Microsoft Virtual PC
Microsoft Windows Server 2003 展開のステップバイステップ ガイドで説明する内容は、現実のラボ環境で実装することができ、Microsoft Virtual PC 2004 や Microsoft Virtual Server 2005 のような仮想化テクノロジを使って実装することもできます。仮想コンピュータ テクノロジを使用すると、単一の物理サーバー上で複数のオペレーティング システムを並行して稼働させることができます。Virtual PC 2004 と Virtual Server 2005 は、ソフトウェアのテストや開発、レガシ アプリケーションの移行、サーバー統合の各シナリオにおいて、業務効率を高めるように設計されています。
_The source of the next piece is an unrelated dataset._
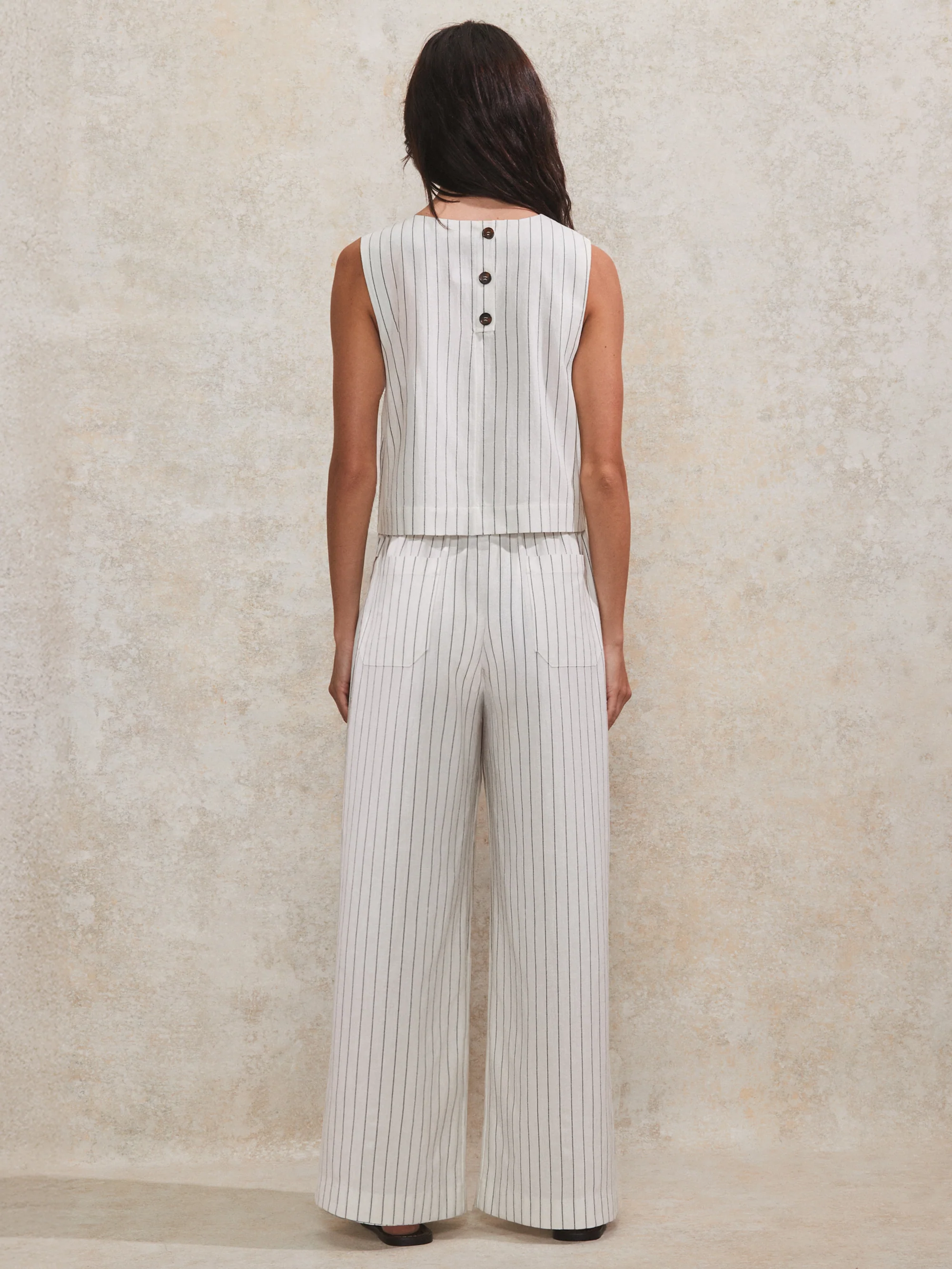 Petite Ivory Pinstripe Linen-Blend Wide-Leg Trousers

Microsoft Windows Server 2003 展開のステップバイステップ ガイドでは、現実のラボ環境での構成を前提としています。ただし、大部分の構成はそのまま仮想環境に適用できます。
このステップバイステップ ガイドに記載する概念を仮想環境に適用する場合の説明については、ここでは割愛します。
重要
このドキュメントで使用している会社、組織、製品、ドメイン名、電子メール アドレス、ロゴ、人物、場所、イベントなどの名称は架空のものです。実在する会社名、組織名、製品名、ドメイン名、電子メール アドレス、ロゴ、個人名、場所名、イベント名などは一切関係ありません。
この共通インフラストラクチャは、プライベート ネットワークで使用する目的で設計されています。共通インフラストラクチャで使用する架空の企業名と DNS (Domain Name System) 名は、インターネット上で使用するための登録が行われていません。パブリック ネットワークやインターネット上では、この名前を使用しないようにしてください。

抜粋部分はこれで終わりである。